Em fevereiro de 2015, Flávio Almada, também conhecido como LBC, foi ilegalmente detido pela PSP na esquadra de Alfragide com outros moradores da Cova da Moura quando se deslocaram ao local para pedir esclarecimentos sobre a detenção de um jovem do bairro. Os tribunais deram como provado que foram alvo de detenção ilegal e de agressões policiais, uma rara sentença que teve como resultado um agente condenado a pena de prisão efetiva e outros a pena suspensa. 

Flávio Almada considera que há que acabar com a classificação de zonas urbanas sensíveis.

Também membro do movimento Vida Justa, com uma forte ligação aos bairros da periferia de Lisboa, Flávio Almada considera que falta debate sobre décadas de impunidade. “Há décadas que há casos de jovens da periferia, moradores e trabalhadores dos bairros, que são mortos em circunstâncias estranhas, desarmados, com tiros nas zonas vitais e não acontece nada. Vão-se queixar onde? Conhecemos situações de pessoas agredidas ou brutalizadas que vão ao tribunal e saem como arguidas”, denuncia. “Como aconteceu com a execução do nosso irmão Odair, as vítimas são desumanizadas no espaço público para normalizar o teor da força de repressão da polícia que atua nas nossas comunidades como um exército de ocupação”.

Não tem dúvidas. Esta revolta é “o grito dos oprimidos”, o grito “de quem está sufocado com a opressão e já não tem mais aonde recorrer”. Não é vandalismo, considera. “É um grito por justiça. Temos uma experiência coletiva nos bairros de violência policial, de repressão e uma cultura de impunidade quando a polícia mata alguém ou tortura pessoas. Invadirem a casa da família enlutada é o quê? Não respeitam sequer o luto. Porquê? Isso é mais uma forma de mostrar desprezo”. 

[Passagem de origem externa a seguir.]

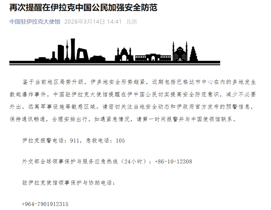 综合中国驻伊拉克大使馆、央视新闻 2026-03-14 15:13:34

Com manifestação marcada para o próximo sábado, 26 de outubro, do Marquês de Pombal à Assembleia da República, Flávio Almada entende que há que exigir ao poder político a remoção a classificação das zonas urbanas sensíveis, que considera ser “uma forma de criminalização territorial e criminalização das populações”, em particular “dos negros, dos ciganos e das pessoas pobres da periferia”, e criar políticas sociais públicas direcionadas para esses territórios “com a participação, a discussão e a decisão dos moradores”. Em muitos destes bairros inexistem transportes, escolas, serviços de saúde, manutenção do espaço público, habitação digna. Entre a população da Cova da Moura e do Zambujal, são muitos os que consideram que a única face presente do Estado nos bairros é a repressão policial.